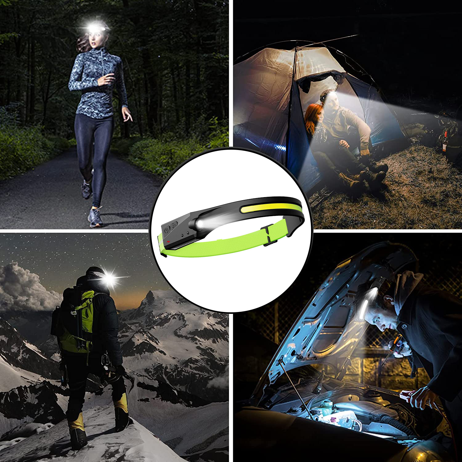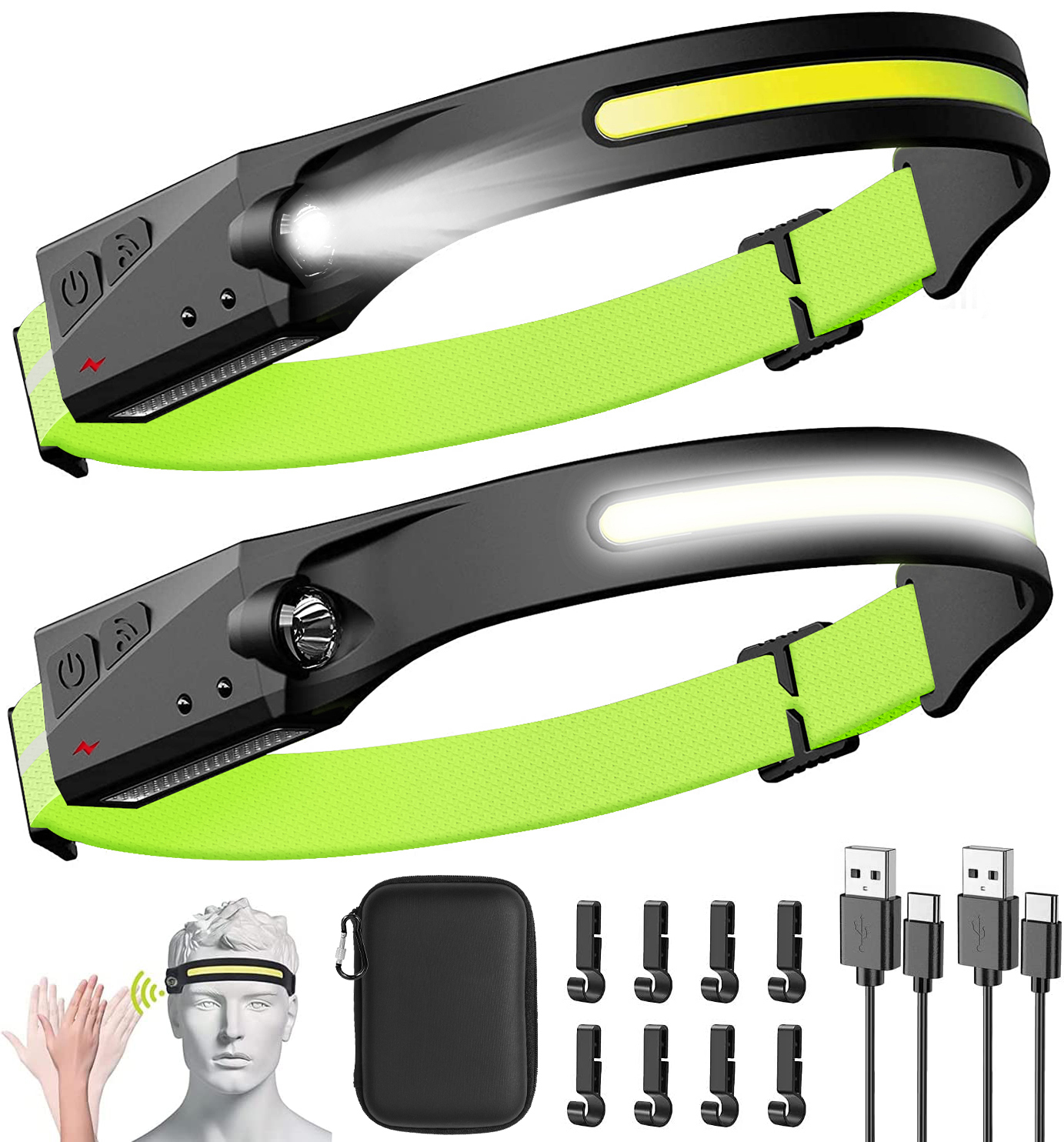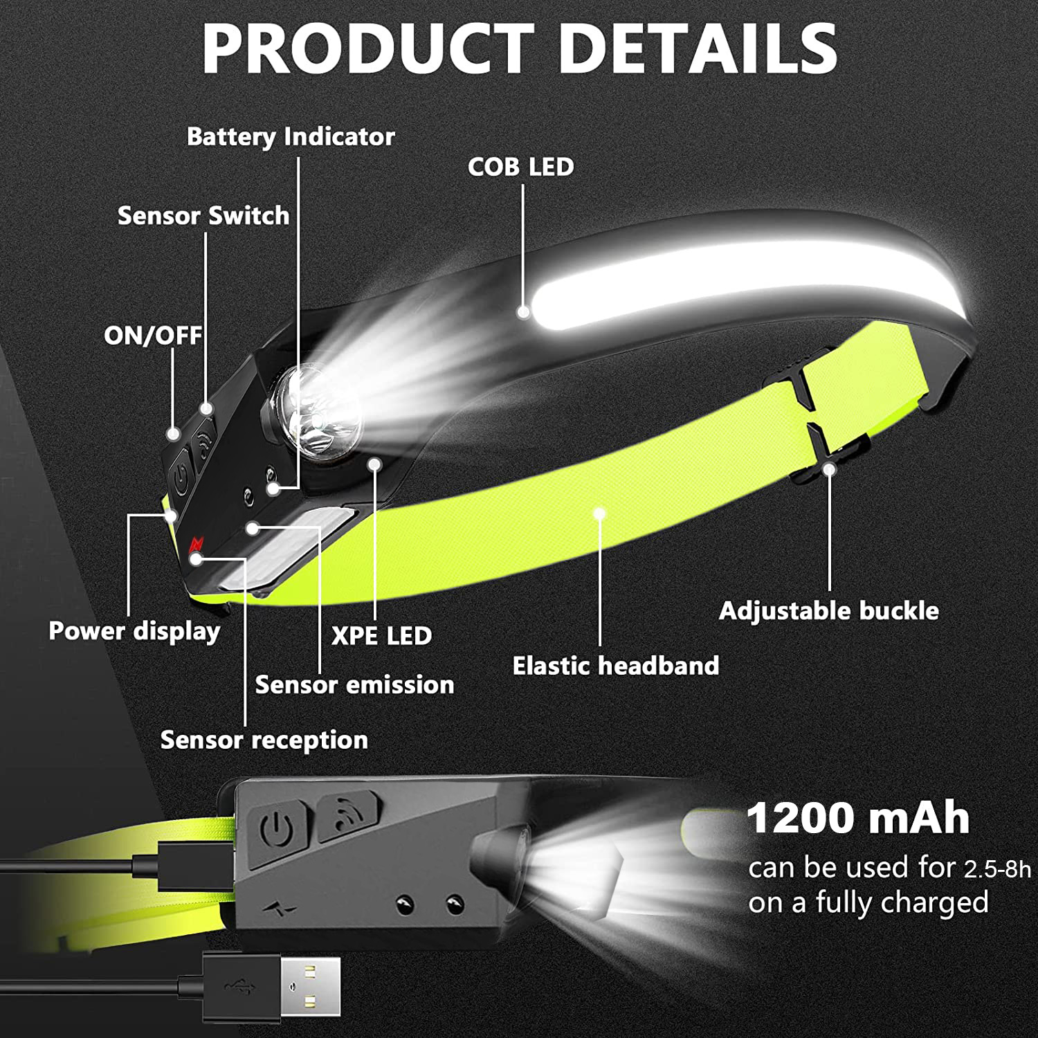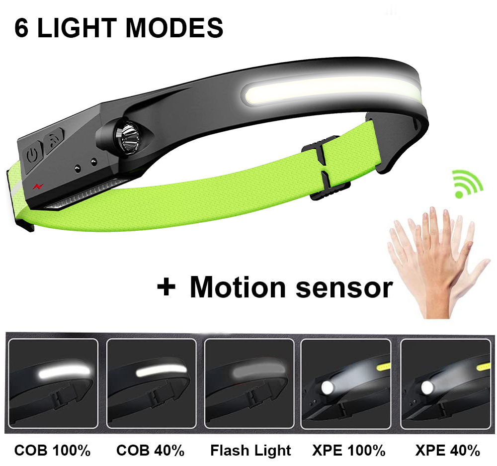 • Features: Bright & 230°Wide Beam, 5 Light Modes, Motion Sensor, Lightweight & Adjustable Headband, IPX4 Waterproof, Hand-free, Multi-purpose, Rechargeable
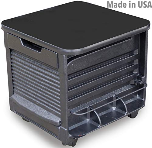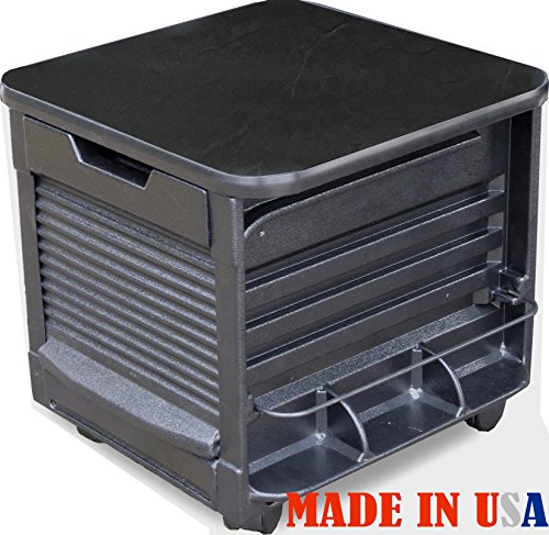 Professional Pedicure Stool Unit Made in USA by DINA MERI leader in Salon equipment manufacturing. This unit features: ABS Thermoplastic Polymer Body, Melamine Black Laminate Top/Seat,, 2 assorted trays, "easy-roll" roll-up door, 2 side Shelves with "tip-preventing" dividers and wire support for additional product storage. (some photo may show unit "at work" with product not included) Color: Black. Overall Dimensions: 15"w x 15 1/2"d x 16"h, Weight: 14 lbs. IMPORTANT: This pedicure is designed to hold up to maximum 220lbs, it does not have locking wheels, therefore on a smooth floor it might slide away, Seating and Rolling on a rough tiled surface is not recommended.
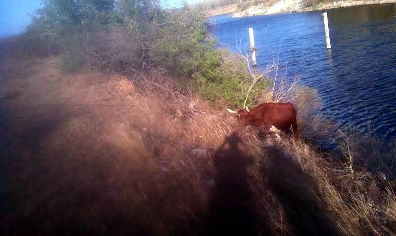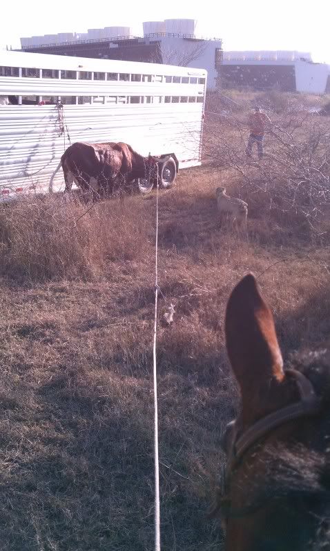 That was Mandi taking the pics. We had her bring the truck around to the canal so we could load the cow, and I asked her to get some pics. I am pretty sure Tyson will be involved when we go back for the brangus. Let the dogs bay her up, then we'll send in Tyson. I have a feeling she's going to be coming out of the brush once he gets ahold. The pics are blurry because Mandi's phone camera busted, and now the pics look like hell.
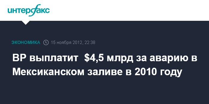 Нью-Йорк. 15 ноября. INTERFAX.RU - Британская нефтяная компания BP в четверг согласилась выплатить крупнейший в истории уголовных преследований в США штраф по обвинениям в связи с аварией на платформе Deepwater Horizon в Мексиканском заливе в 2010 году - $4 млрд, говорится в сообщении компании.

• • •

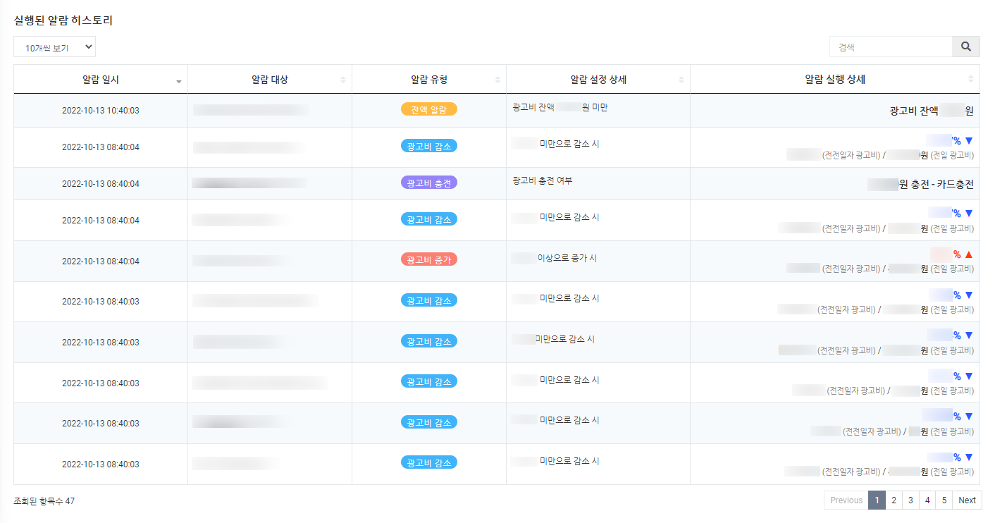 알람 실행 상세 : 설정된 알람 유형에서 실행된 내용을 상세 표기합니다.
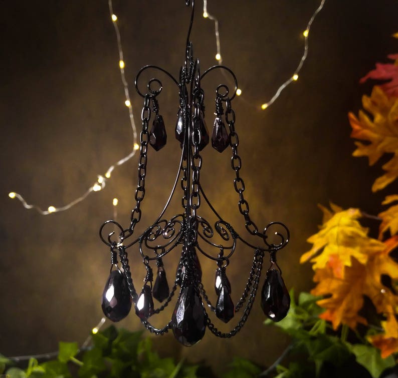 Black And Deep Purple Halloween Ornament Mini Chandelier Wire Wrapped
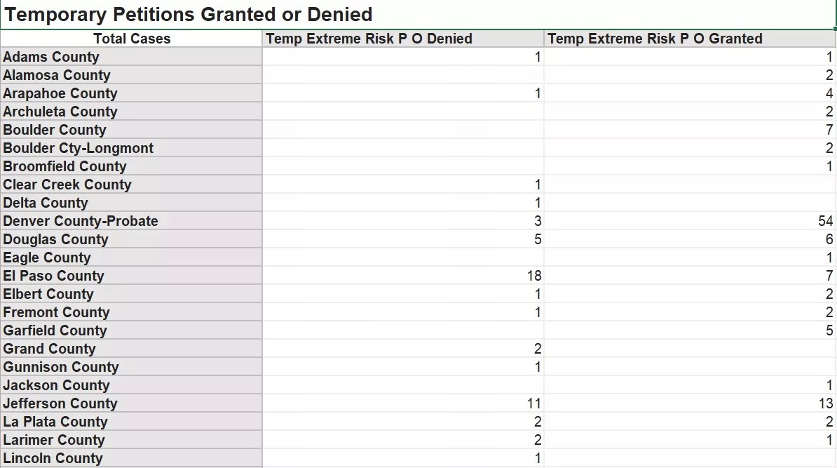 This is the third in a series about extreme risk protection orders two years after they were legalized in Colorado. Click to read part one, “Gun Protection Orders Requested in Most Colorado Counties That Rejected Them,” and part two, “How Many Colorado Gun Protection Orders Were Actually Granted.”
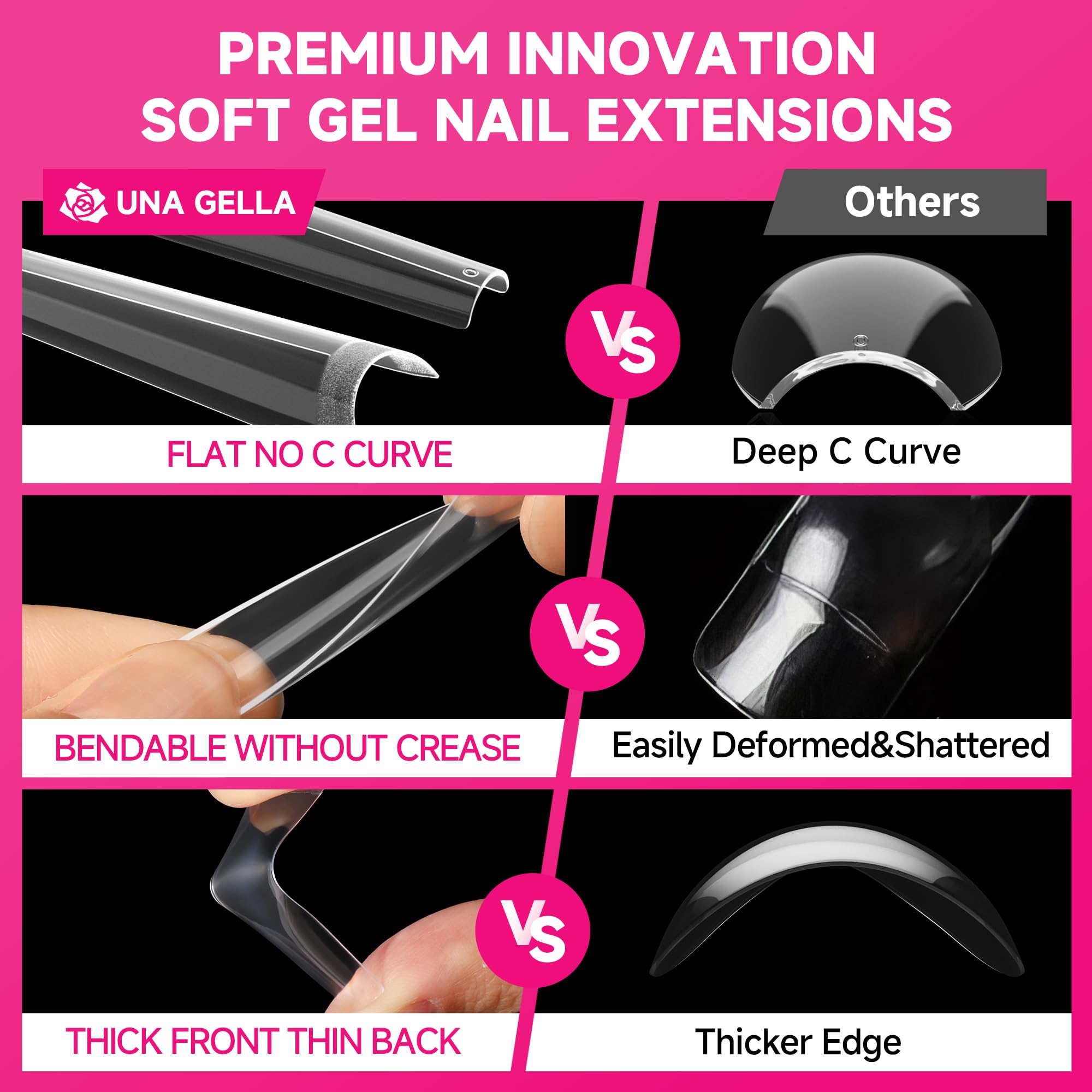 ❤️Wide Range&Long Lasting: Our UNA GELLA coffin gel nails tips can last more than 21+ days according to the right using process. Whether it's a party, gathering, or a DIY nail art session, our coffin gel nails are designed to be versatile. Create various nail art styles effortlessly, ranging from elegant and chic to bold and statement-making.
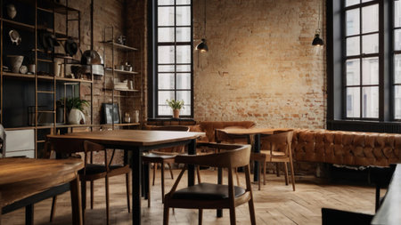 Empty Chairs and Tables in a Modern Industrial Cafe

• • •

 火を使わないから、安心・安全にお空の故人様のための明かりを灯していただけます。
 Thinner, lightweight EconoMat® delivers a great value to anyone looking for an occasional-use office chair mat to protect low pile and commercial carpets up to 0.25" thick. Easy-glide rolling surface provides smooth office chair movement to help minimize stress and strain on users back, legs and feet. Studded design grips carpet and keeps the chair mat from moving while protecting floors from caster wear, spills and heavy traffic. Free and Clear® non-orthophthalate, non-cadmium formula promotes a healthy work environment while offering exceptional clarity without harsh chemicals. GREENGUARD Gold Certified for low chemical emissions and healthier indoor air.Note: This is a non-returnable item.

• • •

Aim of the task: Copy only these lines from the records above, exactly: the one with "bold and statement-making.", the one with "Empty Chairs and", and those between. Skip the pictures.

Solved exercise:
 ❤️Wide Range&Long Lasting: Our UNA GELLA coffin gel nails tips can last more than 21+ days according to the right using process. Whether it's a party, gathering, or a DIY nail art session, our coffin gel nails are designed to be versatile. Create various nail art styles effortlessly, ranging from elegant and chic to bold and statement-making.
 Empty Chairs and Tables in a Modern Industrial Cafe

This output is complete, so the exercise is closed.